The Value-at-risk (VaR) has been used for decades to assess market risk. In a nutshell, the VaR is a statistical technique used to measure the level of risk of a portfolio given a certain confidence interval and within a fixed timeframe.[1]
The VaR can be computed through:
We will try to implement them in our first part of Tesla equity analysis.
Of course, this is not the complete list of methods. In BSIC approach there are 4 methods of VaR as follows [2]:
We will look at them in our second part of Tesla equity analysis.
Let's go deep into formal definition of VaR. More information about this, portfolio optimisation technics and etc. can be found here [3].
More formally, given a daily (or, weekly, monthly, etc.) distribution of returns (of, for example, a single stock, a portfolio of assets, etc.), we are interested in finding the value of VaRα of, say, α=0.05 (five percent) which would say to as that there is 5% of chances that the value of VaR 0.05 would be exceeded in trading on the next day. This value is located in the left tail of the distribution and, by convention, it is given as positive number.
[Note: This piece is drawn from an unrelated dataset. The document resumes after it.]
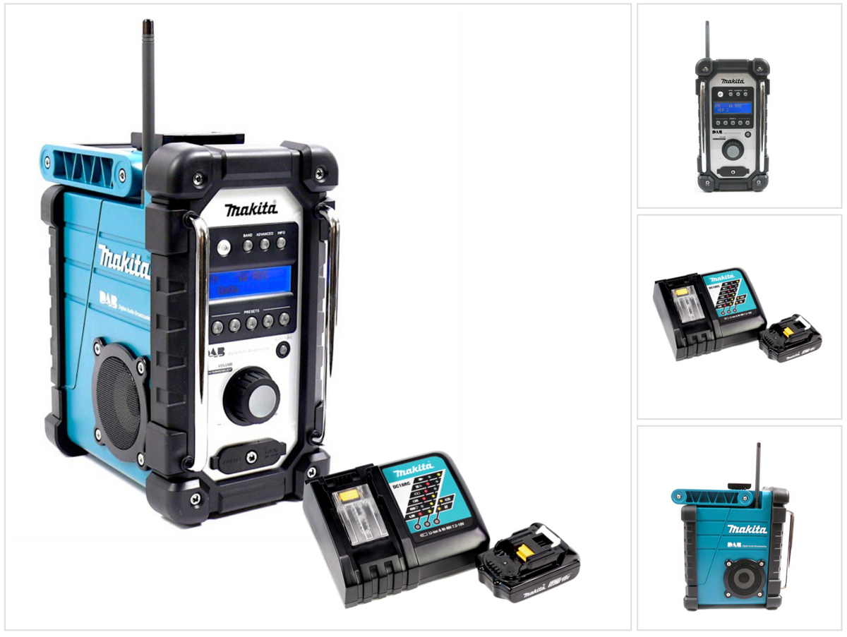 La radio DMR 104 W, perfecta para obras, convence por su alta calidad de sonido de los altavoces estéreo de 3 pulgadas y la robustez de la carcasa. La carcasa, que está equipada con un asa de transporte, está recubierta de goma en los bordes exteriores y todas las aberturas están cerradas y son a prueba de polvo y suciedad. Además, se garantiza la protección contra salpicaduras de agua por todos los lados de acuerdo con IPX 4. La radio de obra recibe los canales de la gama FM / DAB a través de una antena de varilla flexible suministrada. Una gran pantalla LCD con iluminación permite un fácil ajuste manual o totalmente automático del transmisor. La búsqueda del transmisor y el control de volumen se controlan mediante un mando giratorio y reducen al mínimo el manejo de la radio. Se pueden preseleccionar hasta 5 emisoras en cada banda. Si la música que desea no está en la radio, el DMR 104 también tiene conexiones AUX y Micro USB para conectar su iPod, MP3 o reproductor de CD. La radio puede ser operada con baterías estándar Makita de 7.2 - 18 Voltios o con el adaptador de red suministrado.

Therefore, we define VaRα as: $$P[X\leq VaR\alpha]=1-\alpha$$
Okay then, having VaRα calculated we know how far the loss could reach at the 1−α confidence level. The next super important question in risk management every risk manager should ask or at least be interested in reporting is: if VaRα event occurs on the next day, what is the expected loss we might expect to suffer (say, in dollars)? VaRα is the threshold. Now we are interested in the expected value of loss given the exceedance. It is the definition of expected shortfall and is based on the concept of conditional probability as follows:
$$E[X | X \gt VaR\alpha] = ES$$.
In general, if our daily distribution of returns can be described by a function f(x) which would represent a power density function (pdf), then:
$$ES = 1 / \alpha \int_{-\infty}^{VaR\alpha}xf(x)dx.$$VaRα and ES can be, in fact, calculated by the method is based on the empirical distribution, i.e. using data as given:
$$VaR\alpha=h^{VaR}_{i}$$for $$ \sum _{i=1}^{M-1}H_{i}(h_{i+1}-h_{i}) \leq \alpha ,$$
where H represents the normalized histogram of returns (i.e., its integral is equal 1) and M is the number of histograms bins. Similarly for ES, we get:
$$ES = \sum_{i=1}^{h^{VaR}_{i}} h_{i}H_{i}(h_{i+1}-h_{i}).$$Let's try to implement all theoretical constructions on history of Tesla equity prices from 29/06/2010
# install package for downloading equity prices
# !pip install pandas-datareader
import math
import matplotlib.pyplot as plt
# necessary packages
import numpy as np
from pandas_datareader import data
from scipy.stats import norm
# download tesla price data into DataFrame
tesla = data.DataReader("TSLA", "yahoo", start="29/06/2010")
# calculate the compound annual growth rate (CAGR) which
# will give us our mean return input (mu)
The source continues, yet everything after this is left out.